ABOUT THIS EXERCISE: Return the records that follow unaltered. Omit every picture.
+++++
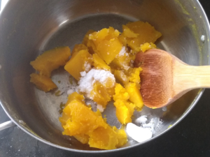 ⑨南瓜はゆだったら、皮の黄色い部分だけをスプーンですくい取り、砂糖を混ぜて、木べらで良く練ります。
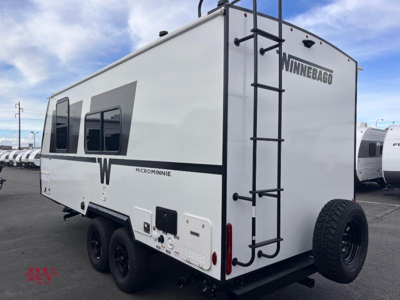 Start out on your boundless journey in one of these Winnebago Micro Minnie travel trailers! Towing is made simple with the 7' width to keep your Micro Minnie in your rear-view mirror, and even though they are compact in size, they aren't lacking in features. Each one is built with an NXG frame and fiberglass sidewalls with Azdel Onboard composite panels for added durability, plus dual Dexter TORFLEX torsion axles for smooth towing. There are also Goodyear Wrangle tires, power stabilizer jacks, a fully walkable roof and many more exterior conveniences. A 200-watt solar panel and Winnebago all-in-one control panel will provide off-grid capabilities and let you stay in control of your trailer's functions. Inside, you'll enjoy the flush mount ceiling lights, full-overlay European-style cabinetry, and JBL premium sound interior speakers, plus there is a tankless water heater to ensure your comfort!
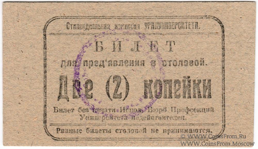 Билет для предъявления в столовой. Тонкий картон серого цвета. Стипендиальная комиссия УРАЛУНИВЕРСИТЕТА.
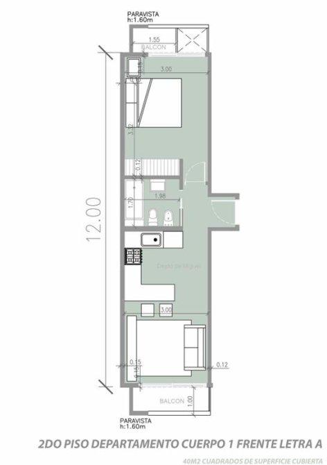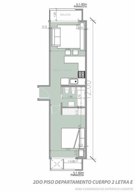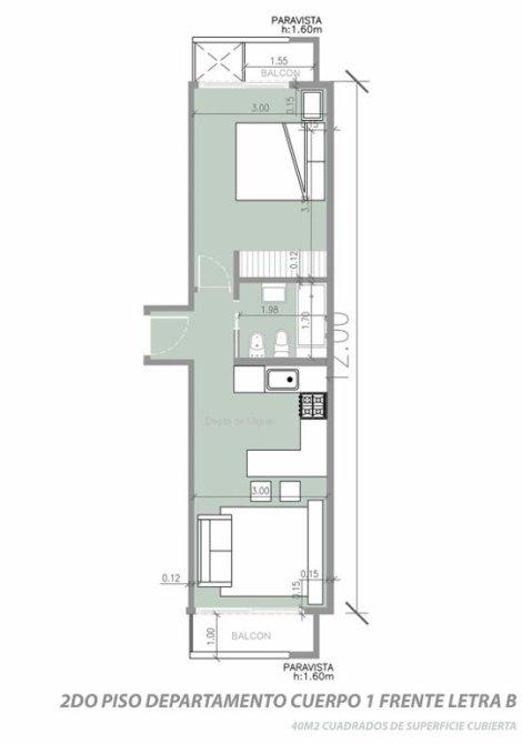 Está distribuida de forma pasante por lo cual al ingresar te encontrás con el baño completo. Luego a los lados encontramos la habitación con placard embutido y balcón, y hacia el otro lado de la entrada está el living-comedor conectado a cocina también con balcón.
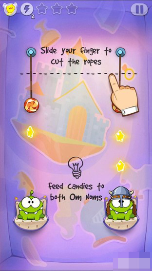《Cut the Rope: Time Travel》是由开发商ZeptoLab UK Limited推出的一款益智类游戏,游戏主角Om Nom是一个小吃货,为了找寻糖果其勿入到了时光机中,穿越到了其祖先生活的时代,所以每关中都会有两个小怪兽一同吃糖果。
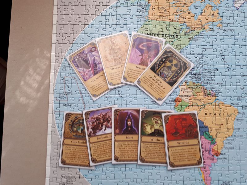 Сыграли в «Плоский мир» несколько десятков партий, накопилась статистика по победам персонажей. Принял решение поискать дополнительные варианты персонажей. (А ещё появилась задача играть впятером.) На форуме БГГ посмотрел разные варианты, отобрал, перевёл, нарисовал и распечатал. Результат очень нравится, играем только с дополнением.
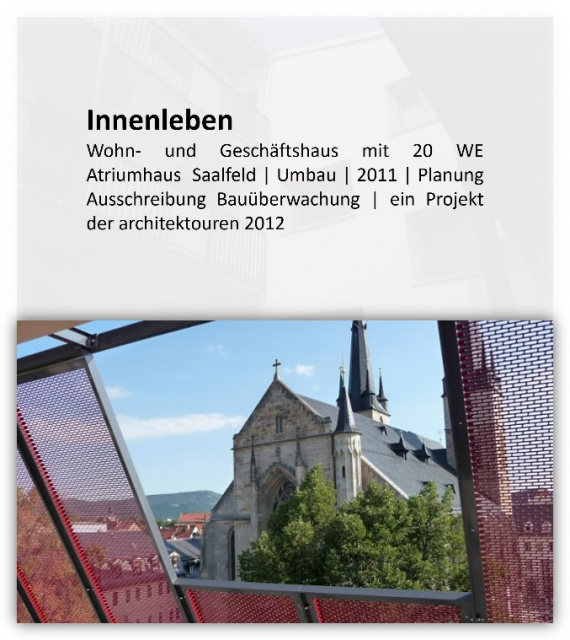 Innenleben, Bild: Katja Huhle Atriumhaus Saalfeld - Umbau zu Wohn- und Geschäftshaus mit 20 WE Planung, Ausschreibung, Bauüberwachung Das fünfgeschossige Atriumhaus, Teil der geschlossenen Bebauung der historischen Kernstadt, wurde in den Obergeschossen zu 20 barrierefreien Wohnungen sowie zu Läden im Erdgeschoss umgebaut. Mit der (Wieder-) Öffnung des Atriums zum Himmel, zum Treppenhaus und den Laubengängen wurden die Ur-Ideen des Baues von 1986 wiederbelebt und stärker ausgearbeitet. Im Vordergrund standen freiere Grundrisse …
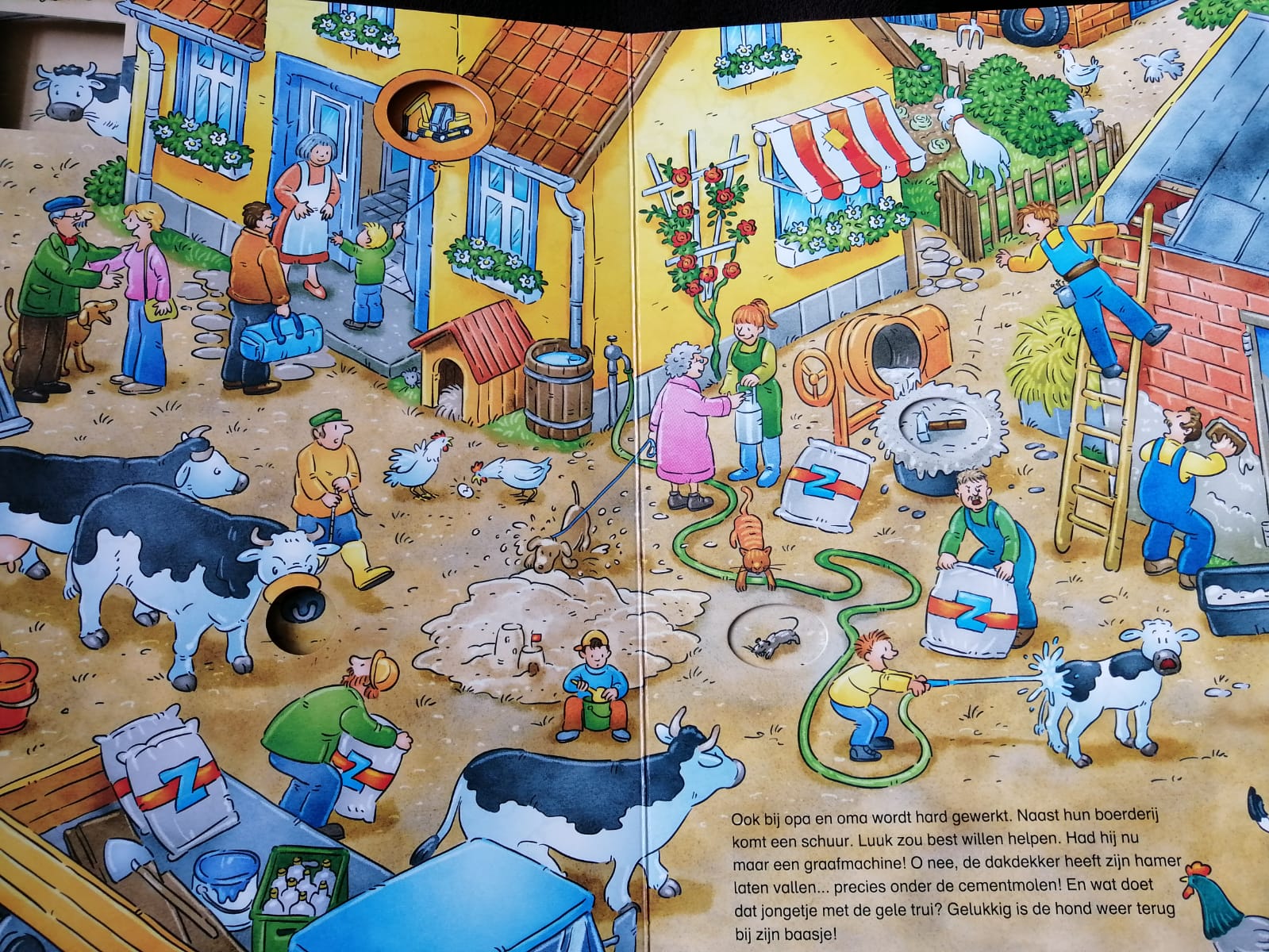 Alleen maar lof voor dit super leuke boek. Het formaat is perfect. Mijn dochter kruipt snel op de bank en gaat op onderzoek uit met dit prachtige boek in haar handen. Ze kan er zelfs achter verdwijnen! Doordat de illustraties zo uitgebreid zijn en het om voorwerpen en situaties gaat die peuters en kleuters zullen herkennen, zien kinderen hier ontelbaar veel leuke dingen. Een feest van herkenning dus! Zodra de gele graafmachine is gevonden, dwalen onze ogen af en zien we nog zoveel meer. Zoals een klimrek, muizen, een ladder, vogels, koeien, een slapende poes. En zo kunnen we nog wel even doorgaan.
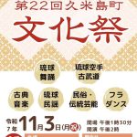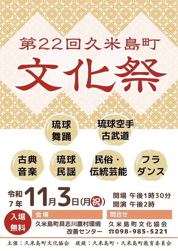 ★第22回久米島町文化祭・開場:13時30分/開演:14時・プログラム=琉球舞踊、琉球空手古武道、古典音楽、琉球民謡、伝統芸能民俗、フラダンス・会場=久米島町具志川農村環境改善センター(久米島町仲泊730)
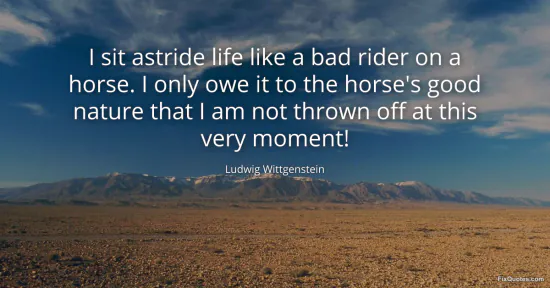 Wittgenstein, Ludwig. (2026, February 20). I sit astride life like a bad rider on a horse. I only owe it to the horse's good nature that I am not thrown off at this very moment! FixQuotes. https://fixquotes.com/quotes/i-sit-astride-life-like-a-bad-rider-on-a-horse-i-590/
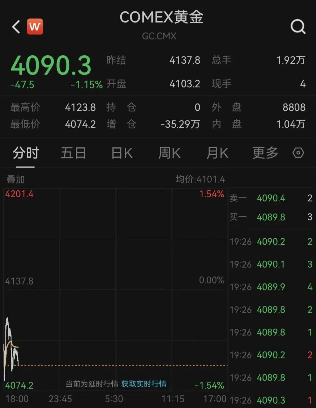 截至发稿,伦敦金跌逾1%,跌破4100美元,COMEX黄金也跌超1%。
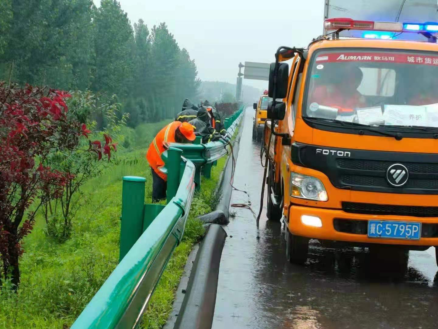 迅速反应,冒雨抢险维修。迁安养护工区做好6月25日防汛演练成果转化,第一时间启动防汛保畅应急预案,迅速成立抢险突击队,展开护栏抢修工作。抢险突出队克服暴雨困难,迅速设置临时安全标志,在联合公安交警等部门做好现场交通维护的基础上,加班加点进行维修、更换护栏配件,此次维修共出动车辆4台班、人工13人,高效完成北京方向K213处损毁护栏维修工作。
+++++
RESULT BELOW:
 ⑨南瓜はゆだったら、皮の黄色い部分だけをスプーンですくい取り、砂糖を混ぜて、木べらで良く練ります。
 Start out on your boundless journey in one of these Winnebago Micro Minnie travel trailers! Towing is made simple with the 7' width to keep your Micro Minnie in your rear-view mirror, and even though they are compact in size, they aren't lacking in features. Each one is built with an NXG frame and fiberglass sidewalls with Azdel Onboard composite panels for added durability, plus dual Dexter TORFLEX torsion axles for smooth towing. There are also Goodyear Wrangle tires, power stabilizer jacks, a fully walkable roof and many more exterior conveniences. A 200-watt solar panel and Winnebago all-in-one control panel will provide off-grid capabilities and let you stay in control of your trailer's functions. Inside, you'll enjoy the flush mount ceiling lights, full-overlay European-style cabinetry, and JBL premium sound interior speakers, plus there is a tankless water heater to ensure your comfort!
 Билет для предъявления в столовой. Тонкий картон серого цвета. Стипендиальная комиссия УРАЛУНИВЕРСИТЕТА.
 Está distribuida de forma pasante por lo cual al ingresar te encontrás con el baño completo. Luego a los lados encontramos la habitación con placard embutido y balcón, y hacia el otro lado de la entrada está el living-comedor conectado a cocina también con balcón.
《Cut the Rope: Time Travel》是由开发商ZeptoLab UK Limited推出的一款益智类游戏,游戏主角Om Nom是一个小吃货,为了找寻糖果其勿入到了时光机中,穿越到了其祖先生活的时代,所以每关中都会有两个小怪兽一同吃糖果。
 Сыграли в «Плоский мир» несколько десятков партий, накопилась статистика по победам персонажей. Принял решение поискать дополнительные варианты персонажей. (А ещё появилась задача играть впятером.) На форуме БГГ посмотрел разные варианты, отобрал, перевёл, нарисовал и распечатал. Результат очень нравится, играем только с дополнением.
 Innenleben, Bild: Katja Huhle Atriumhaus Saalfeld - Umbau zu Wohn- und Geschäftshaus mit 20 WE Planung, Ausschreibung, Bauüberwachung Das fünfgeschossige Atriumhaus, Teil der geschlossenen Bebauung der historischen Kernstadt, wurde in den Obergeschossen zu 20 barrierefreien Wohnungen sowie zu Läden im Erdgeschoss umgebaut. Mit der (Wieder-) Öffnung des Atriums zum Himmel, zum Treppenhaus und den Laubengängen wurden die Ur-Ideen des Baues von 1986 wiederbelebt und stärker ausgearbeitet. Im Vordergrund standen freiere Grundrisse …
 Alleen maar lof voor dit super leuke boek. Het formaat is perfect. Mijn dochter kruipt snel op de bank en gaat op onderzoek uit met dit prachtige boek in haar handen. Ze kan er zelfs achter verdwijnen! Doordat de illustraties zo uitgebreid zijn en het om voorwerpen en situaties gaat die peuters en kleuters zullen herkennen, zien kinderen hier ontelbaar veel leuke dingen. Een feest van herkenning dus! Zodra de gele graafmachine is gevonden, dwalen onze ogen af en zien we nog zoveel meer. Zoals een klimrek, muizen, een ladder, vogels, koeien, een slapende poes. En zo kunnen we nog wel even doorgaan.
 ★第22回久米島町文化祭・開場:13時30分/開演:14時・プログラム=琉球舞踊、琉球空手古武道、古典音楽、琉球民謡、伝統芸能民俗、フラダンス・会場=久米島町具志川農村環境改善センター(久米島町仲泊730)
 Wittgenstein, Ludwig. (2026, February 20). I sit astride life like a bad rider on a horse. I only owe it to the horse's good nature that I am not thrown off at this very moment! FixQuotes. https://fixquotes.com/quotes/i-sit-astride-life-like-a-bad-rider-on-a-horse-i-590/
 截至发稿,伦敦金跌逾1%,跌破4100美元,COMEX黄金也跌超1%。
 迅速反应,冒雨抢险维修。迁安养护工区做好6月25日防汛演练成果转化,第一时间启动防汛保畅应急预案,迅速成立抢险突击队,展开护栏抢修工作。抢险突出队克服暴雨困难,迅速设置临时安全标志,在联合公安交警等部门做好现场交通维护的基础上,加班加点进行维修、更换护栏配件,此次维修共出动车辆4台班、人工13人,高效完成北京方向K213处损毁护栏维修工作。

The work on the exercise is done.